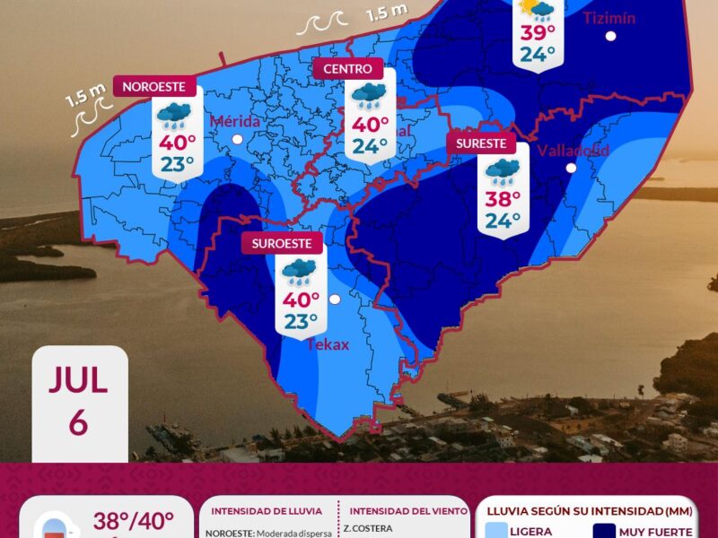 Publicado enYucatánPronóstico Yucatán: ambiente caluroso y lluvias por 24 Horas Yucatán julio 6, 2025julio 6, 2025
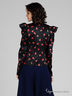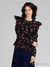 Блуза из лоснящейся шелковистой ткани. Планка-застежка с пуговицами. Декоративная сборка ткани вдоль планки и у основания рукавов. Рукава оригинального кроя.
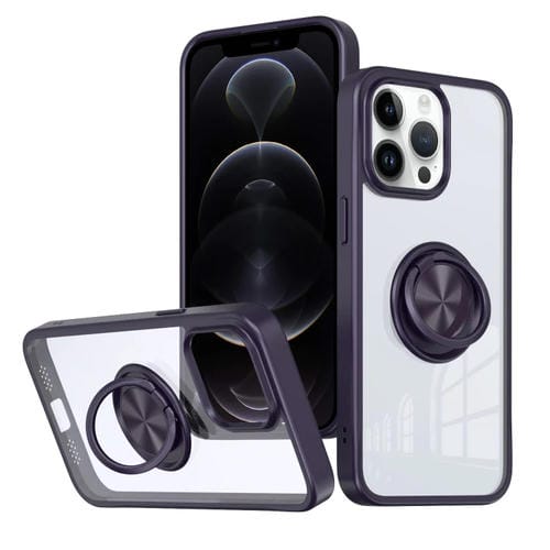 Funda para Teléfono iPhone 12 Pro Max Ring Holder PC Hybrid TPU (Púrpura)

WHAT YOU NEED TO DO: The listing above is to be retyped word for word, with the pictures omitted.

RESULT OF THIS TASK:
 Publicado enYucatánPronóstico Yucatán: ambiente caluroso y lluvias por 24 Horas Yucatán julio 6, 2025julio 6, 2025
 Блуза из лоснящейся шелковистой ткани. Планка-застежка с пуговицами. Декоративная сборка ткани вдоль планки и у основания рукавов. Рукава оригинального кроя.
 Funda para Teléfono iPhone 12 Pro Max Ring Holder PC Hybrid TPU (Púrpura)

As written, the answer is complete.